## DATA SEGMENT
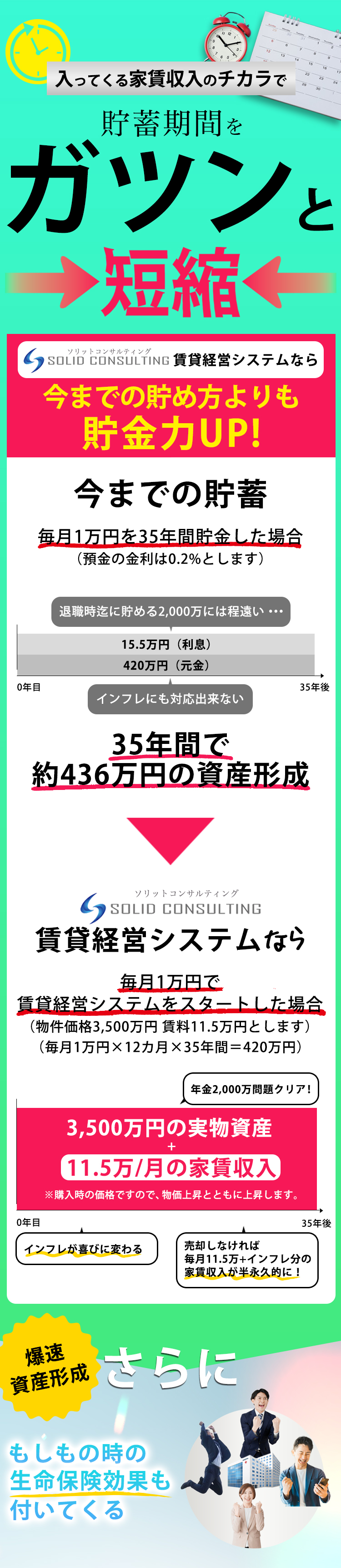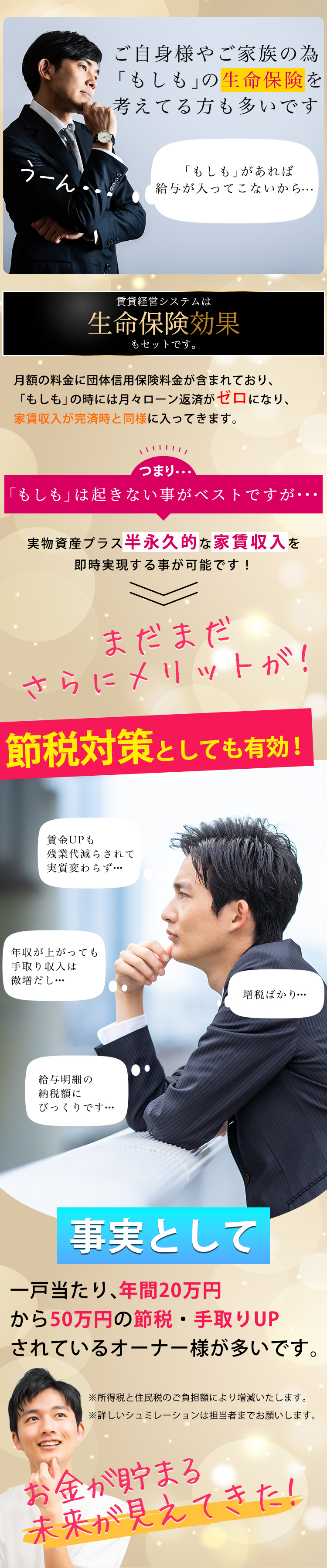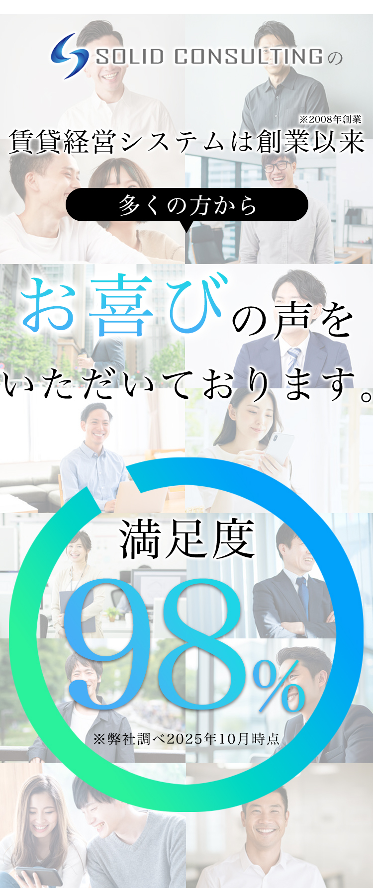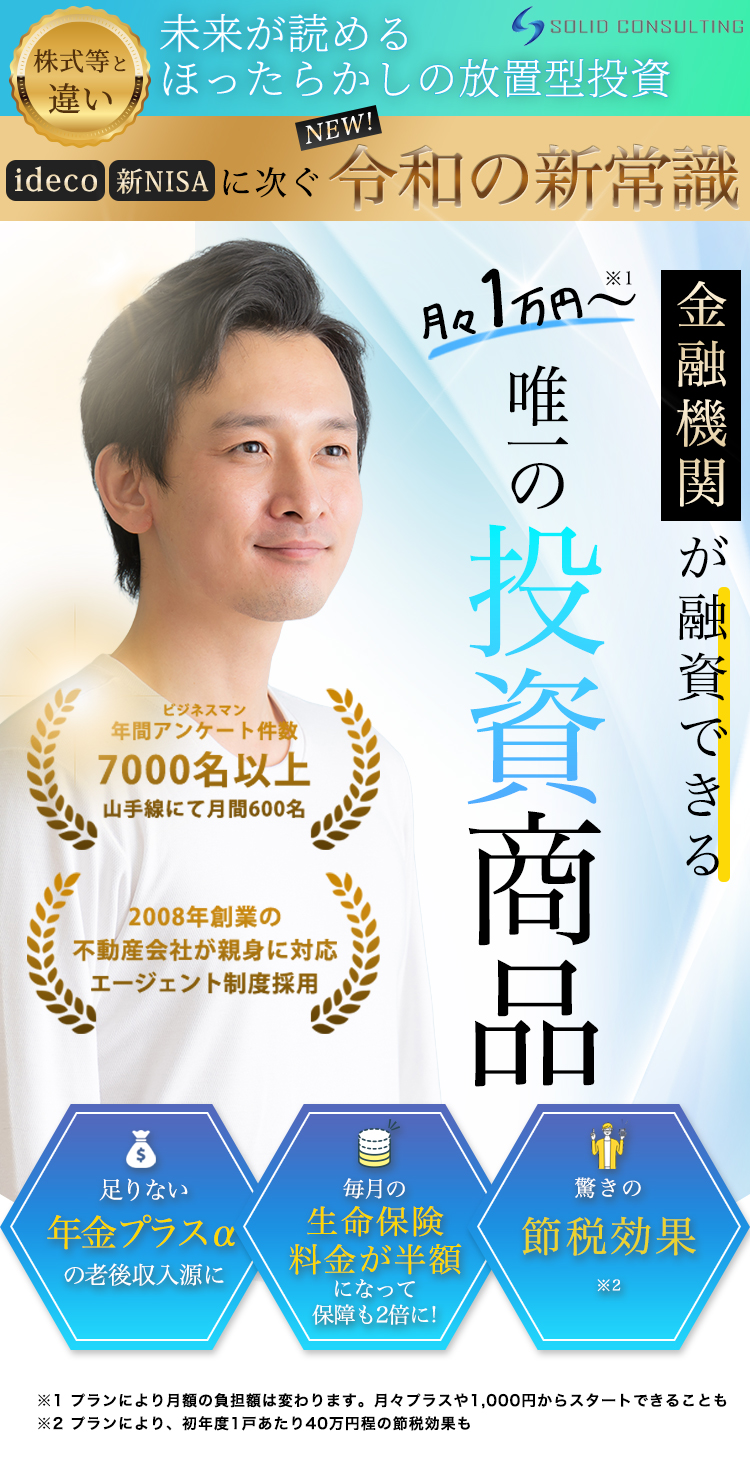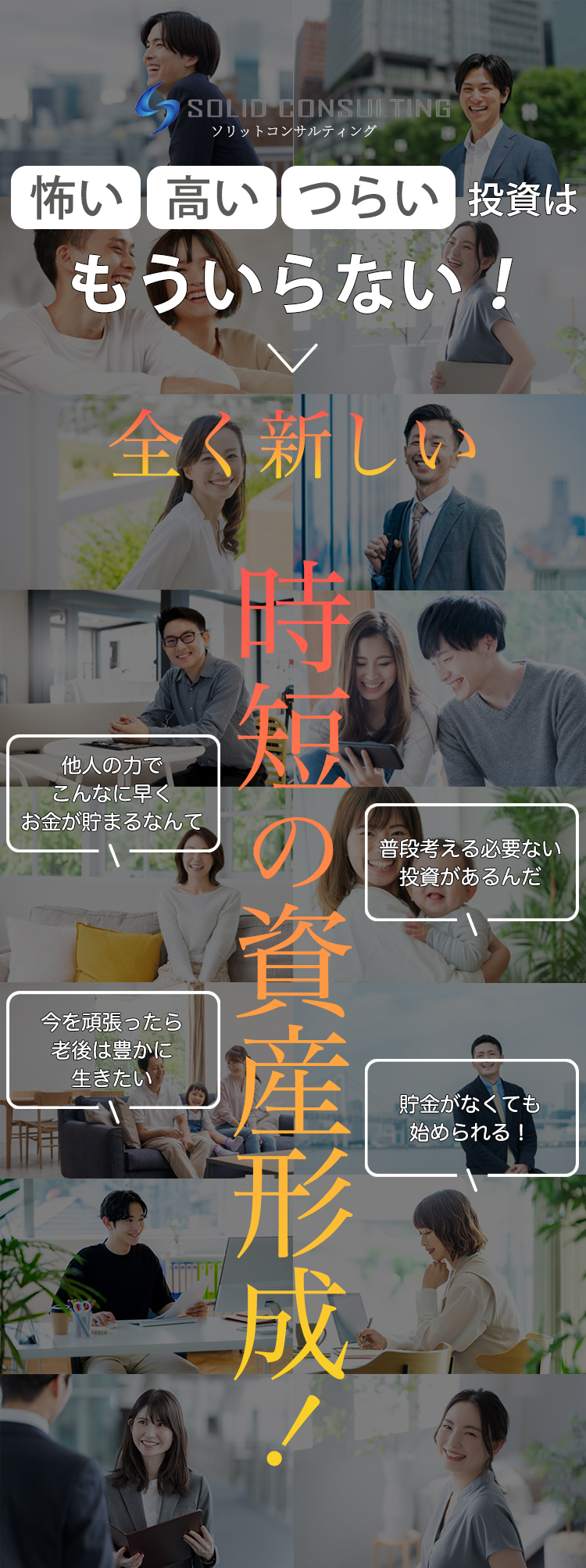 仕事は忙しくしておりましたが、家族にも残せる資産を自分が作れることにやりがいをとても感じております。税金が高いことはあきらめてましたが、この節税を考えれば皆様が取り組む理由も納得です。紹介した知人も喜んでおりますが、ソリットさんにはこの仕組みをもっと世の中に広めていただきたいです。応援してます。
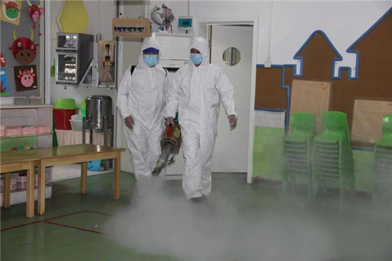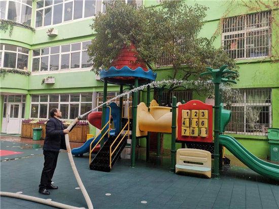 2月27日下午, 周口市市直幼兒園聯(lián)系周口市藍(lán)天救援隊(duì)專業(yè)消殺人員,對(duì)幼兒園的公共區(qū)域環(huán)境、大型玩具、走廊、活動(dòng)室等場(chǎng)所逐步實(shí)施消殺,重點(diǎn)對(duì)樓道、樓梯扶手、衛(wèi)生間等關(guān)鍵區(qū)域?qū)嵤┟芗?,做到全面、徹底、不留死角?/p>
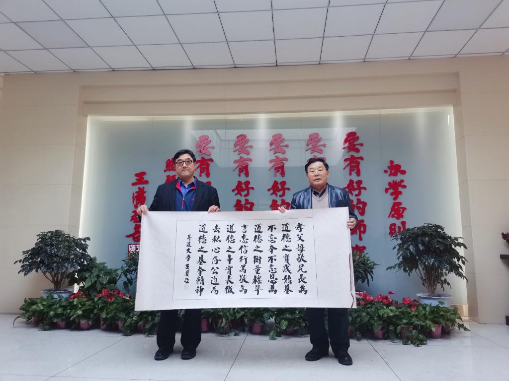12月3日,河南省委宣传部原副部长刘富民、河南清风书画院院长王誉文、中国传统文化书画院副院长蔺振坤、国际武术学院院长韩风河、河南兰花雨牌设计有限公司总经理陈金燕一行5人访问我校。我校执行董事王新奇接待了到访贵宾。
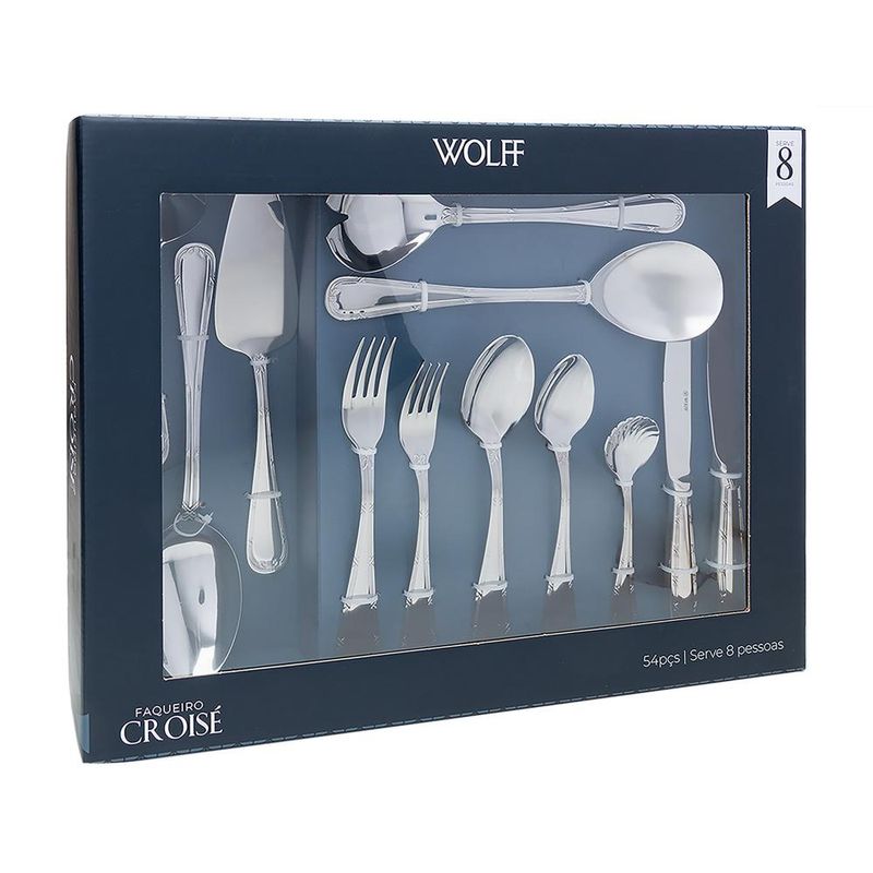 Faqueiro 54 Peças Croisé com Caixa Litografada Aço Inox Contém: 8 facas de mesa 24x2x1cm8 colheres de mesa (sopa) 20x4,5x3cm8 garfos de mesa 20x2,5x2,5cm8 facas de sobremesa 22x2x1cm8 colheres de sobremesa 18x4x2cm8 garfos de sobremesa 18,5x2x2cm1 colher de açúcar 14x3,5x2cm1 colher de salada 24x6x3cm1 garfo de salada 24x6x2,5cm1 colher de servir 25x6x4cm1 concha para molho 20x6x4cm1 espátula de bolo 24,5x5,5x2,5cmMedidas Produto: Altura 1,00cm x Largura 1,00cm x Comprimento 1,00cmPeso: 1,00Kg

## EXERCISE BRIEF
Please print the lines exactly, from the top of the material through the line with "12月3日,河南省委宣传部原", and omit the pictures.

## SOLUTION
 仕事は忙しくしておりましたが、家族にも残せる資産を自分が作れることにやりがいをとても感じております。税金が高いことはあきらめてましたが、この節税を考えれば皆様が取り組む理由も納得です。紹介した知人も喜んでおりますが、ソリットさんにはこの仕組みをもっと世の中に広めていただきたいです。応援してます。
 2月27日下午, 周口市市直幼兒園聯(lián)系周口市藍(lán)天救援隊(duì)專業(yè)消殺人員,對(duì)幼兒園的公共區(qū)域環(huán)境、大型玩具、走廊、活動(dòng)室等場(chǎng)所逐步實(shí)施消殺,重點(diǎn)對(duì)樓道、樓梯扶手、衛(wèi)生間等關(guān)鍵區(qū)域?qū)嵤┟芗?,做到全面、徹底、不留死角?/p>
12月3日,河南省委宣传部原副部长刘富民、河南清风书画院院长王誉文、中国传统文化书画院副院长蔺振坤、国际武术学院院长韩风河、河南兰花雨牌设计有限公司总经理陈金燕一行5人访问我校。我校执行董事王新奇接待了到访贵宾。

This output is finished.